- _The problem_
Look below for the line that contains "Dubai Civil Defence", then quote it and all the lines after it, exactly, with the pictures left out.

- _Provided data_
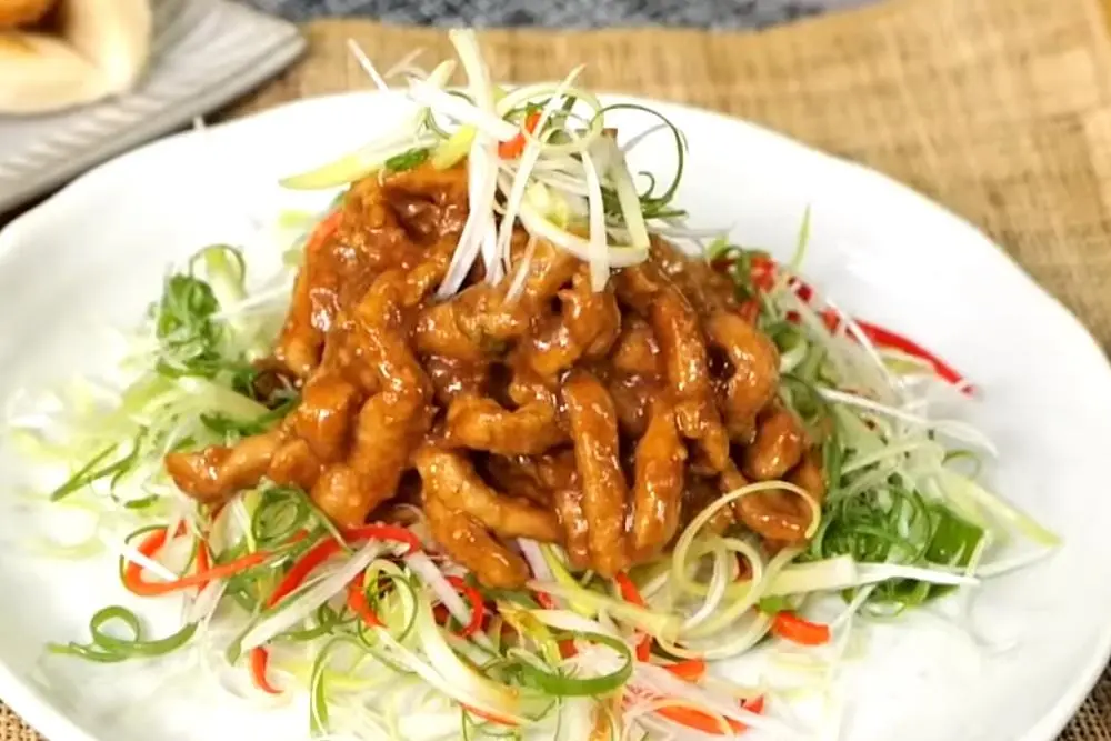 4、最后下肉丝、绍兴酒拌炒均匀,将葱丝辣椒丝垫底,上面铺上炒好的肉丝即完成。
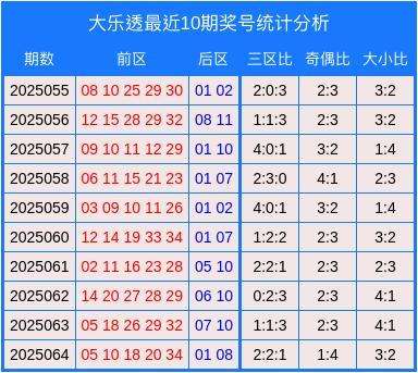 开奖回顾:大乐透第2025064期奖号为:05、10、18、20、34 + 01、08。
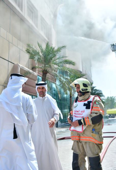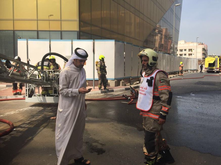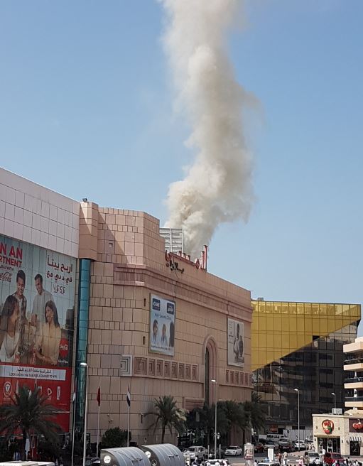 Dubai Civil Defence is working to control a fire that broke out on the roof of Lamcy Plaza Center. No injuries have been reported.
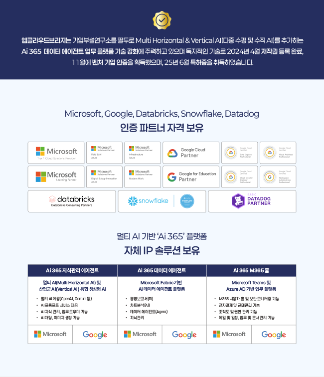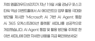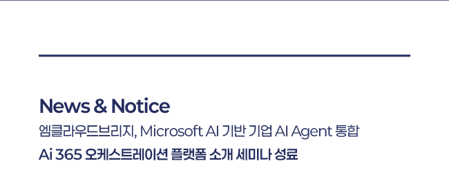 • News & Notice : 엠클라우드브리지, Microsoft AI 기반 기업 AI Agent 통합 Ai 365 오케스트레이션 플랫폼 소개 세미나 성료
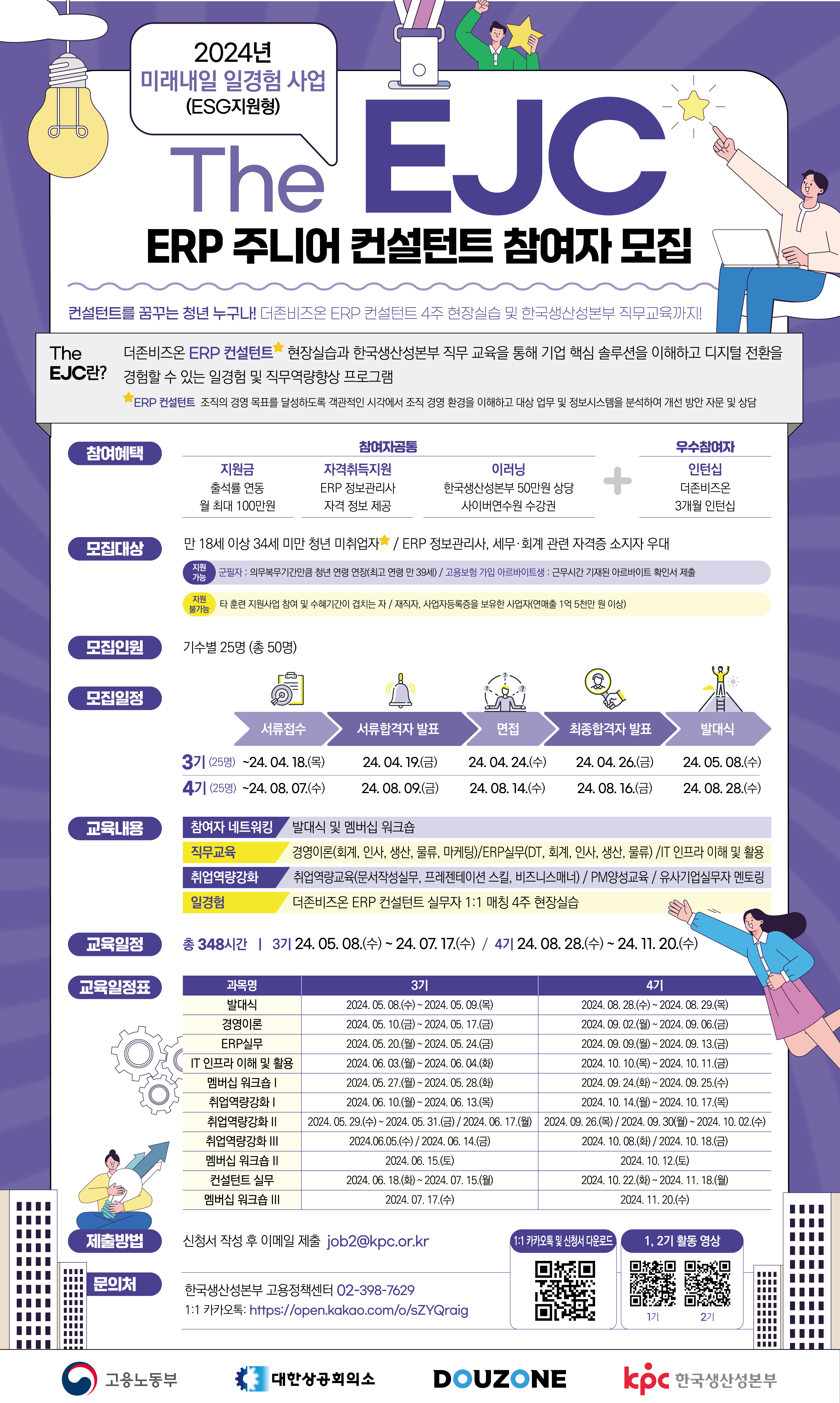 더존비즈온 ERP 컨설턴트* 현장실습과 한국생산성본부 직무 교육을 통해 기업 핵심 솔루션을 이해하고 디지털 전환을 경험할 수 있는 일경험 및 직무역량향상 프로그램

- _Task solution_
 Dubai Civil Defence is working to control a fire that broke out on the roof of Lamcy Plaza Center. No injuries have been reported.
 • News & Notice : 엠클라우드브리지, Microsoft AI 기반 기업 AI Agent 통합 Ai 365 오케스트레이션 플랫폼 소개 세미나 성료
 더존비즈온 ERP 컨설턴트* 현장실습과 한국생산성본부 직무 교육을 통해 기업 핵심 솔루션을 이해하고 디지털 전환을 경험할 수 있는 일경험 및 직무역량향상 프로그램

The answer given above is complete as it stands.